Однако Натали твердо знала, что ни за что не войдет в дом одна. В первый раз она совершила ошибку, но тогда ею двигали злость, отчаяние и храбрость, рожденная невежеством. Идти туда сейчас, с пистолетом или без него, было бы непростительной глупостью.
Маленькой Натали обожала допоздна смотреть фильмы ужасов по пятницам и субботам. Отец позволял ей расправлять кровать пораньше, чтобы она могла заснуть сразу после кино, а чаще она засыпала, когда еще мелькали кадры. Иногда они смотрели фильмы вместе, жевали воздушную кукурузу и обсуждали эти невообразимые события на экране. В одном они соглашались безоговорочно: никогда нельзя жалеть героиню, если она совершает глупые поступки. Так, например, некая молодая женщина в ночной кружевной рубашке не раз получала предупреждение не открывать запертую дверь в конце темного коридора, но стоило ей остаться одной, как она нарушила запрет.
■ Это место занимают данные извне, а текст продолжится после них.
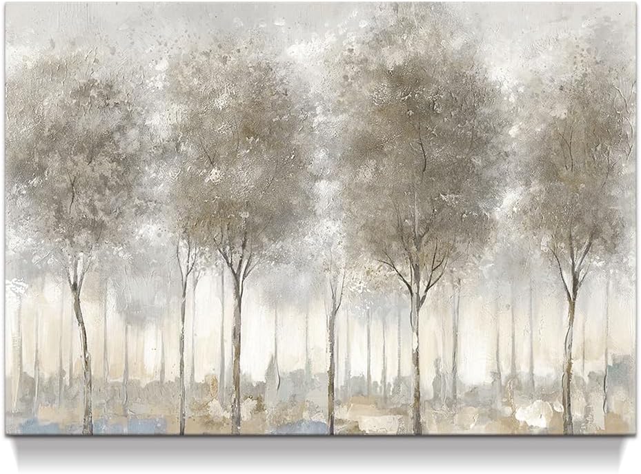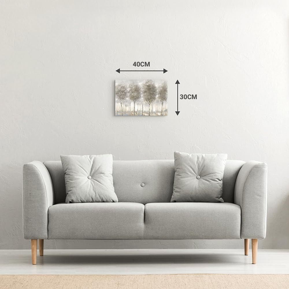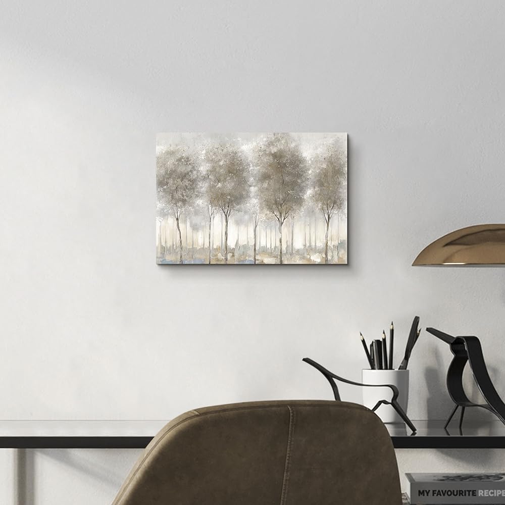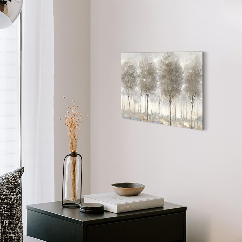 Nghệ thuật trừu tượng trên vải canvas miêu tả rừng cây trong sương bằng gam màu trung tính mở rộng chiều sâu cho không gian phòng khách.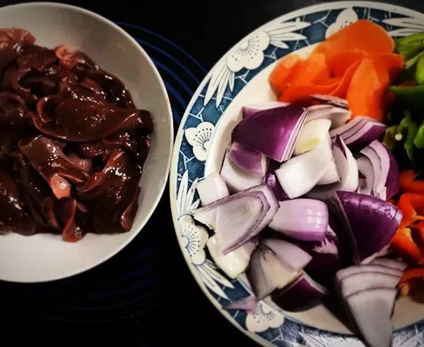 猪肝半斤(肝尖部分),木耳,胡萝卜片,柿子椒块;

После этого симпатии Натали и ее отца тотчас отдавались чудовищу, ожидавшему ее за той дверью. У отца даже была поговорка: у глупости есть своя цена, и эту цену всегда приходится платить.
Натали открыла дверцу и вылезла из машины, держа в правой руке пистолет. Она с секунду постояла так, глядя на два темных дома и примыкающий двор. Метрах в десяти фонарь освещал кирпичные стены и голые деревья.
«Только до калитки»,– решила Натали. Если кто-нибудь выйдет, она всегда сможет убежать.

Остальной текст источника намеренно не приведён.